What is needed: All lines from the one containing "puis rond jusqu'à" through the last line of the listing should be given again exactly, with no pictures.

Data extract:
# # # #

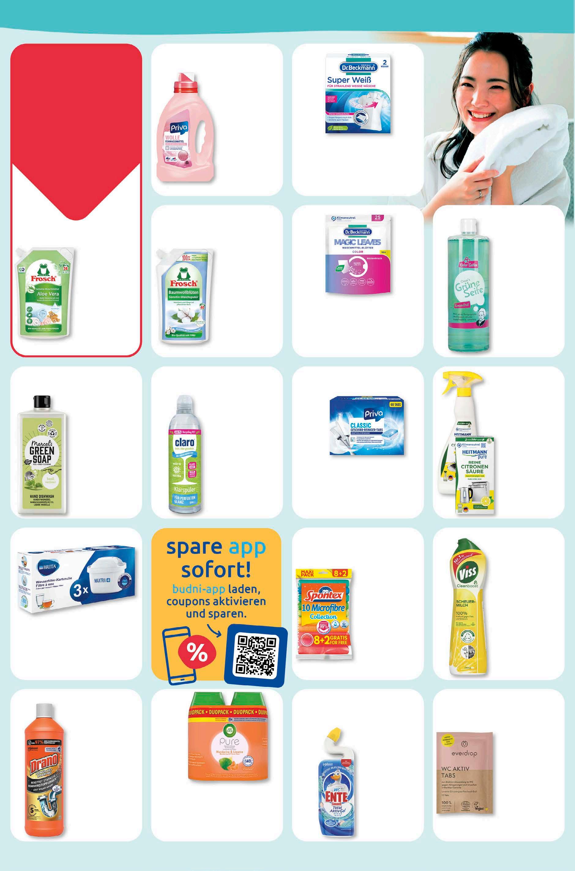 waschen & haushalt Abgabe in haushaltsüblichen Mengen. Spontex Mikrofaser Allzwecktücher Maxipack 10 Stück 3,99 -20% UVP 4,99 Everdrop WC Aktiv Tabs 12 Stück 2, 39 -20% UVP 2,99 Brita Maxtra+ Filterkartusche 3 Stück 13,99 -38% UVP 22,49 Green Soap Spülmittel versch. Sorten vegan 500 ml 1 l = 3,98 1,99 -20% UVP 2,49 WC-Ente Total Aktiv Gel1 versch. Sorten 750 ml 1 l = 2,52 1,89 -24% UVP 2,49 1 Biozidprodukte vorsichtig verwenden. Vor Gebrauch stets Etikett und Produktinformation lesen. Priva Spülmaschinen-Tabs Classic 60 WL 1 WL = 0,06 3,45 budni marke Dr. Beckmann Super Weiß 80 g 1 kg = 18,63 1,49 -25% UVP 1,99 Heitmann Citronensäure 350 g/500 ml 1 kg/l = 8,54/5,48 2,99 -19% UVP 3,69 dienstag happy deal am 4,29 UVP 4,99 -14% 1 WL = 0,18 Frosch Waschmittel versch. Sorten 24 WL 1 WL = 0,19 4,49 -10% UVP 4,99 Viss Scheuermilch versch. Sorten 500 ml 1 l = 2,78 1, 39 -44% UVP 2,49 Frosch Weichspüler versch. Sorten 40 WL 1 WL = 0,04 1,79 -22% UVP 2,29 Dr. Beckmann Magic Leaves Waschmittelblätter versch. Sorten 25 Stück 2,99 -25% UVP 3,99 Priva Feinwaschmittel versch. Sorten 37 WL 1 WL = 0,09 3,15 budni marke Drano Power-Gel Rohrfrei 1 Liter 2,79 -26% UVP 3,79 Airwick FreshmaticLufterfrischer versch. Sorten 2x 250 ml 1 l = 12,78 6, 39 -29% UVP 8,99 Claro Klarspüler 500 ml 1 l = 3,78 1,89 -24% UVP 2,49 Kieler Seifen Oma‘s Grüne Seife vegan 1 Liter 3,49 -13% UVP 3,99
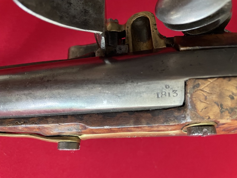 puis rond jusqu'à la bouche, marqué 1813 sur le flanc gauche, garniture bronze, crosse noyer,
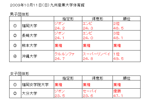 第58回全九州学生空手道選手権大会 2009年10月11日(日) 九州産業大学体育館

# # # #

Answer to the problem:
 puis rond jusqu'à la bouche, marqué 1813 sur le flanc gauche, garniture bronze, crosse noyer,
 第58回全九州学生空手道選手権大会 2009年10月11日(日) 九州産業大学体育館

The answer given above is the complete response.